Сергей Магомет - Записки Степной Волчицы
— Послушай, — поинтересовалась Агния, — в самом деле, куда подевался Стёпушка? Ведь я его давно ищу!
От ее мрачного тона у меня прошел по коже мороз. Я вспомнила про погреб-зендан и железную цепь. Видно, не зря он так упрашивал, чтобы мы поженились. От такой всего можно ожидать.
К счастью, на этот раз Стива не вышел нам навстречу из туманной рощи. Я была готова поспорить, что он, наоборот, решил скрываться.
— Я его люблю, я за него беспокоюсь, — решительным тоном продолжала Агния. — Только мне известно, какой Стёпушка беспомощный, какие опасные мечты его терзают. Ты только подумай, — зашептала она, склонившись ко мне, словно к своей лучшей подруге, — он встретил какую-то новую женщину. Ему кажется, что эта особа — то, что ему нужно. Якобы опять танцевал с ней на этом сумасшедшем бал-маскараде, и она даже дала ему ниточку, дала надежду на новую встречу. И уж строит планы, подходы…
— Кто же она?
— О, конечно, выпорхнула оттуда — из-за кремлевских стен, спустилась к нему прямо с небес! Ни больше, ни меньше, как императорских или королевских кровей. Президенты, олигархи, банкиры, генералиссимусы — лучшие ее друзья. Неудивительно, что он совершенно потерял голову. Уже видит ее своей новой, всесильной покровительницей. Глупый мальчишка, не замечает, что и теперь ведет себя, как примитивный альфонсишка. Просто умом тронулся. Выпрашивает у меня денег на клубы, надеется еще раз с ней пересечься. Я его хозяйка, любовница, подруга, а он ведет себя так, словно я его усыновила, словно я его мамочка. А ведь я вовсе не его мамочка.
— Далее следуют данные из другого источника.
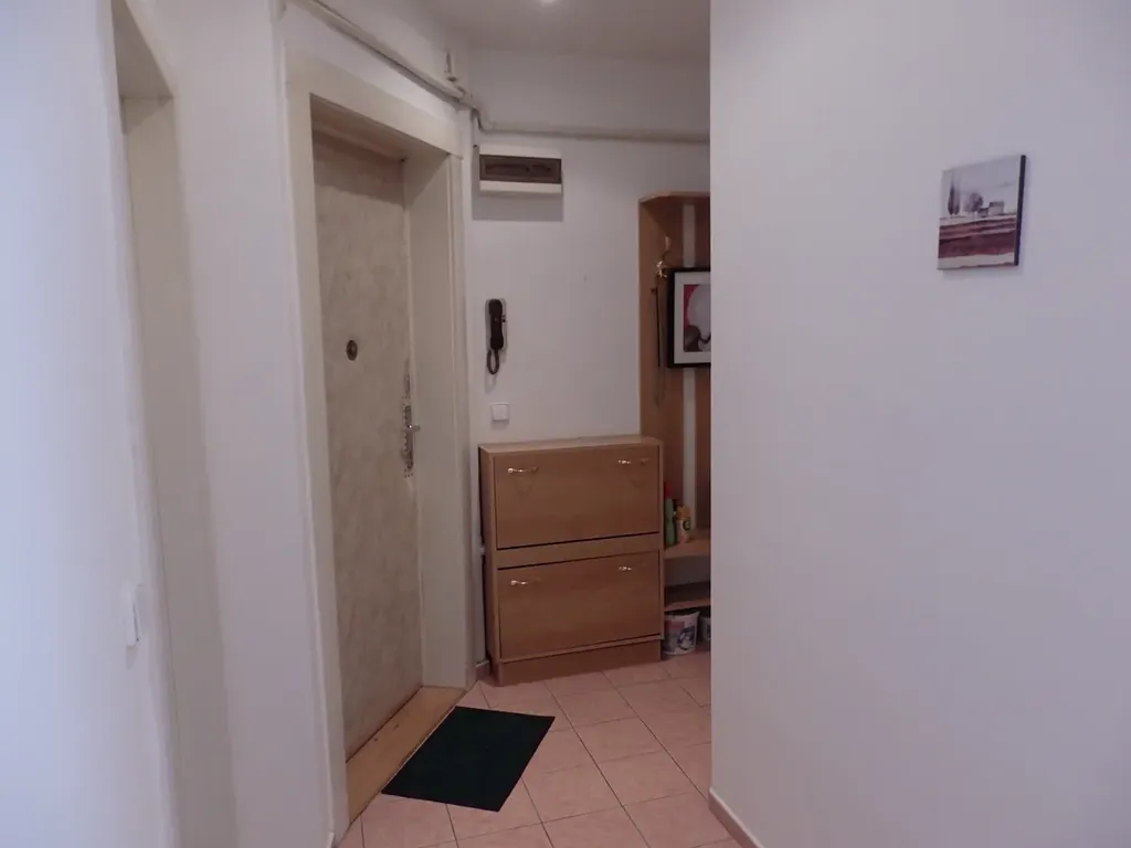 V pokoji je k dispozici sedačka, patrová postel, prostorné vestavné skříně a další základní nábytek. Koupelna se sprchovým koutem, pračkou a bojlerem. WC samostatné. Okna jsou do klidné ulice. Vytápění plynové WAW. Podlahy plovoucí a dlažba. K bytu dále náleží sklepní kóje 2 m2 v suterénu domu.

По крайней мере, не в этом смысле… — Агния усмехнулась — Ты меня понимаешь?
— Кажется, да, — кивнула я.
— А ты знаешь, кто его мамочка? — вдруг спросила она, страшно прищурив глаза.
— Кто? — испуганно пробормотала я.
— Да ты ведь с ней была знакома! — как безумная расхохоталась Агния. — Ты ее, мою любимую подругу, лесбиянку, нимфоманку, извращенку, скотоложницу, кровосмесительницу, еще в больнице с «самоваром» навещала!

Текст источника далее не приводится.